The invention relates to electromagnetic brakes and clutches having an energization coil energizable to attract an armature to a magnet body for starting or stopping a rotating member, and more particularly to a detector sensing engagement of the armature and the magnet body.
Mechanical engagement sensors for electromagnetic brakes and clutches are known in the prior art. These sensors typically include a series of three mechanical switches arranged in a generally triangular pattern around an armature and sensing closing movement of the armature. Heavy duty switches are required, to withstand the closing action of the armature, which robust construction increases cost. Furthermore, a machining operation is typically required to afford the necessary precise mounting location of the switches, further increasing cost. Alignment must also be precisely controlled so that all three switches close simultaneously. The tolerances are quite narrow and unforgiving because even a small magnetic gap substantially increases magnetic reluctance.
Another approach in the prior art is the use of an inductive proximity switch sensing closing movement of the armature. The above noted limitations also apply to such switches.
The present invention provides electronic detection circuitry, eliminating reliance upon prior mechanical or proximity switches.

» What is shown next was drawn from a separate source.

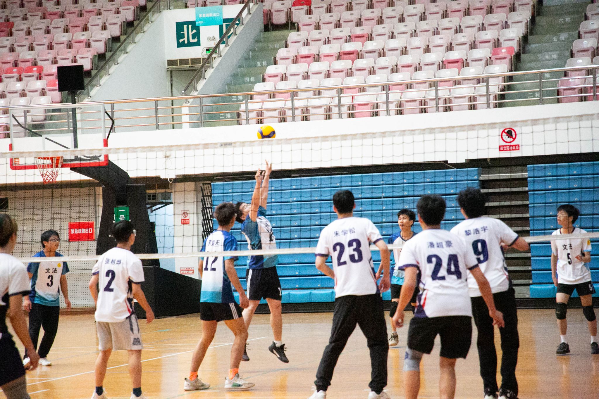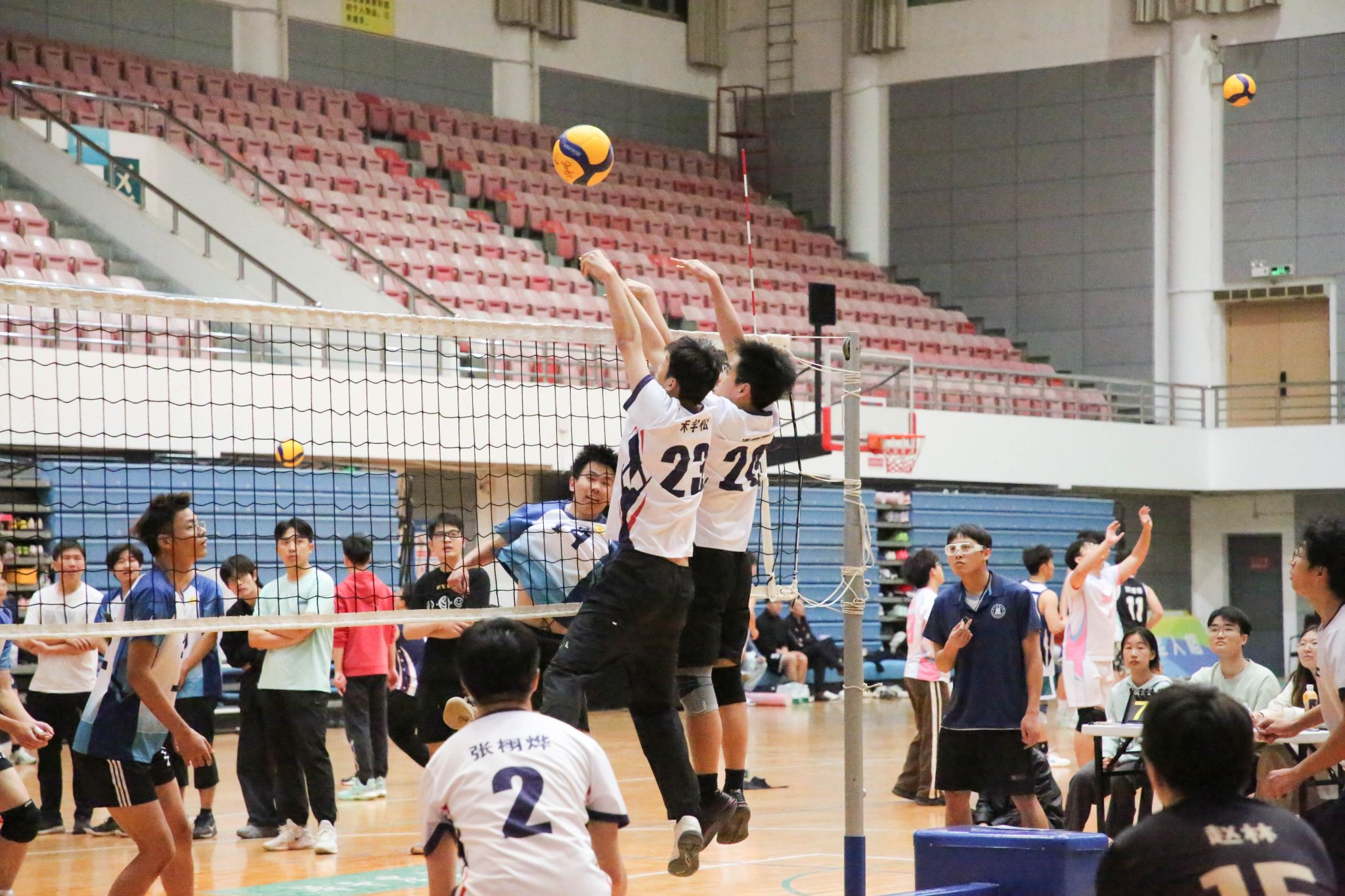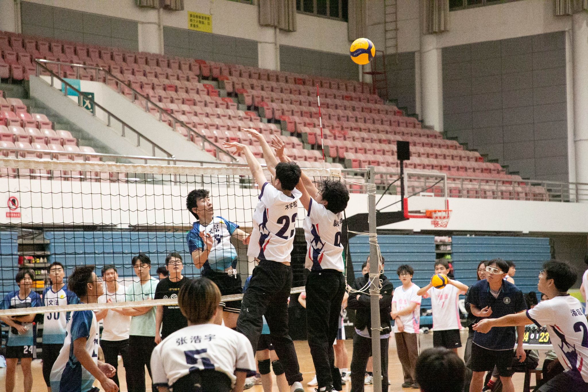 易边再战,水产男排遭遇强力阻击,开局0-3落后被迫请求技术暂停。经战术调整后,接应潘超豪以一记小斜线霹雳重扣吹响反攻号角,连续突破对方拦防实现9-8精彩反超。双方此后展开拉锯战,比分七度打平直至22-22白热化阶段。关键分争夺中,文法男排凭借发球破坏一传体系,最终以25-23险胜扳回一局,将比赛拖入决胜局争夺。

The present invention provides a significantly lower cost alternative to the prior art. In the present invention, the detector, or proving switch, may be located remotely from the brake or clutch, with no additional wiring to the brake or clutch being required. The invention may be used with a wide variety of power transmission devices, with no need for tuning to the specific power transmission device as in the prior art, e.g. machining, etc. A further advantage of the present invention not obtainable in the prior art is use with power transmission devices too small in physical size to use the above described approaches involving mechanical or proximity switches.